Research entity Yole Développement (Yole) says autonomous and on-demand processes, for humans and machines alike, are the trends du jour. Outlined in the company’s technology and market report titled “Machine Vision for Industry & Automation”, the transformation inside factories is about automation. And machine vision is the key enabling technology.
Yole forecasts the machine vision camera market will grow from $2 billion in 2017 to roughly $4 billion in 2023, with a 12% CAGR during this period.
The report is a smart combination of market evolution, key figures such as market project and market shares, technology innovations and competitive landscape. It also highlights the diversity of the applications and related technologies. Synergy between the technologies such as image sensors and cameras are also analyzed.
What are the main functions of machine vision in the industry 4.0? What are the technology challenges? Who are the leaders involved in this revolution?
Machine vision for industry and automation is not limited to robotics, but is involved in almost all machines and aspects of the manufacturing cycle.
“The need for quality has boosted machine vision in the automotive, electronic, semiconductor, food, and packaging industries”, asserts Dr Alexis Debray, Technology & Market Analyst at Yole. Food sorting is an interesting example of this push toward automation. The ability to sort fruits and food in general has helped to grow agro-food business revenues, especially in Asian markets. Indeed, machine vision has moved out of the factory. It is now on farms, on roadways for license plate recognition, and more recently in autonomous cars, the market for which we expect to grow at 140% CAGR starting this year.
These dynamics are here to stay. In 2014, the Swatch Group announced its Sistem51, the world first mechanical watch whose manufacturing is fully automated. Since then, other companies have made similar moves, such as Canon in camera manufacturing and Foxconn who announced the deployment of a million robots for manufacturing consumer electronic goods. Sales of automation products are therefore surpassing the growth of industrial production. The trend could accelerate in the future while cheap human labor is scarce in western countries and China is also increasing wages.

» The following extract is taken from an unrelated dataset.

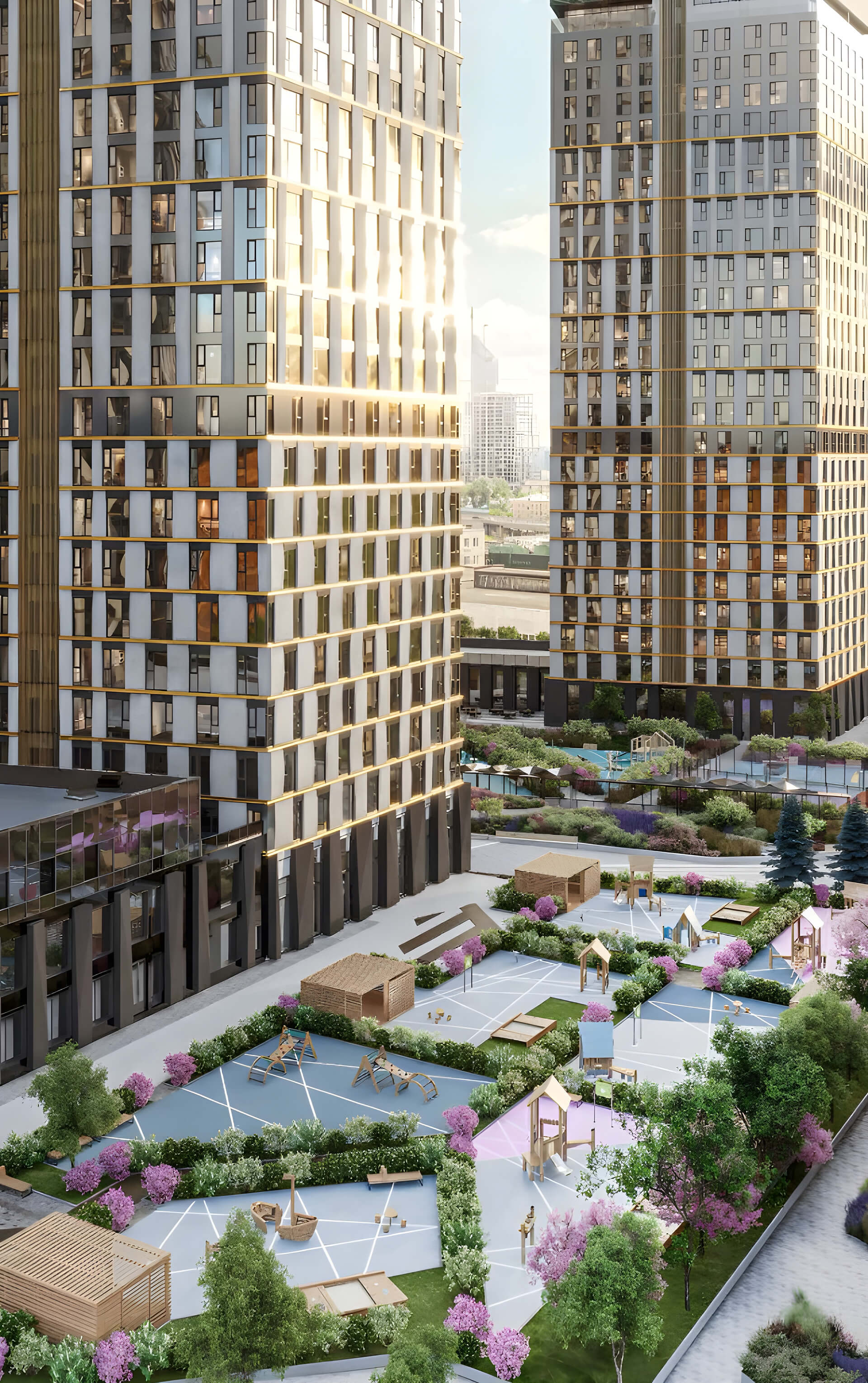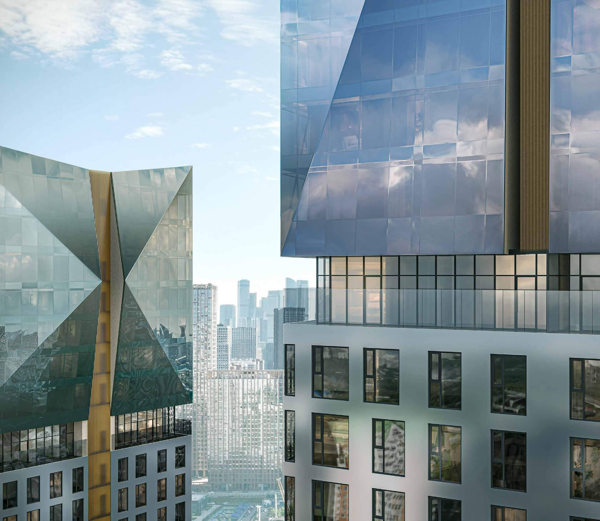 Важной особенностью проектного решения стал эффект «навершия» — оригинальная конструкция верхней части корпусов, создающая узнаваемые «кристаллы». Они формируют инновационный силуэт и подчёркивают премиальный характер комплекса. Дополнением выступают декоративные элементы: цветное верхнее остекление, горизонтальные металлические пояса и ламели с отделкой под латунь. Эти детали создают эстетическую глубину и визуальную завершённость архитектурного образа. Внимание к композиции и контрасту делает фасады не просто элементом здания, а художественным объектом.
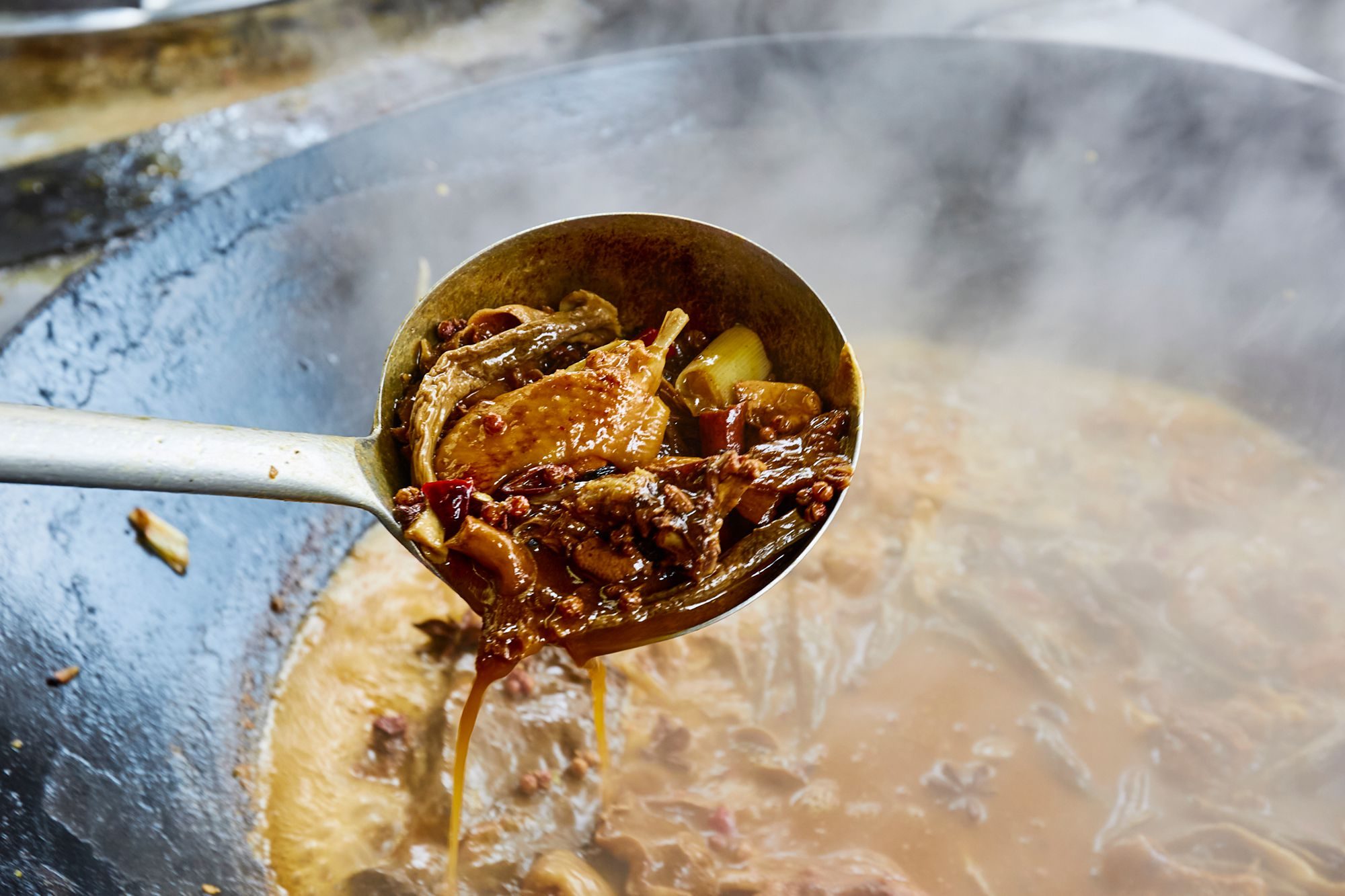 花椒、八角、干辣椒、豆瓣酱等都是必不可缺的配料,当然美味的成就也少不了土灶和一口地道大铁锅。快炒后的鸡肉加水小火慢炖,食材在锅中翻滚,热气蒸腾,香气扑鼻,有种家常菜的亲切感,让人忍不住咽口水。

“The automation revolution has created a highly dynamic market and player ecosystem”, comments Pierre Cambou, Activity Leader, Imaging at Yole. And he details: “In the three years from 2014 to 2017, M&A activity has accelerated in machine vision both at image sensor and camera level. Among the latest examples of this trend are FLIR acquiring Pointgrey for US$215 million in 2016, and Teledyne acquiring e2v for US$790 million in 2017.”
Yole’s machine vision report mentions other notable acquisitions:
• ams’ acquisition of CMOSIS for US$235 million in 2015
• A little earlier in 2014 On Semi’s consolidation of Aptina for US$400 million and Truesense for US$90 million.
• Most recently, private equity firm Lakesight aggregated machine vision camera makers Tattile, Microtron and Chromasens. The total amount of M&A in this time period is approaching US$1.7 billion.
The shift from CCD to CMOS has had a profound impact on image sensors for machine vision, driving this M&A wave. Although this affected other markets years ago, such as consumer image sensors in the 1990s and photography sensors in the early 2000s, it is only now that the shift from CCD to CMOS technology is reaching the high end of the imaging sensor market. The main direct consequence for companies selling high cost/low volume products is the inability to invest in or sustain manufacturing facilities that require high output due to the large fixed cost. The entry cost to establishing CIS manufacturing has been far too high for previous vertically-integrated CCD players. Therefore, all except Sony have shifted to the fabless business model suited to high-end “specialty products”. Dedicated foundries such as TPSCo, Dongbu Hitek and SMIC, who recently acquired LFoundry’s assets, have therefore emerged.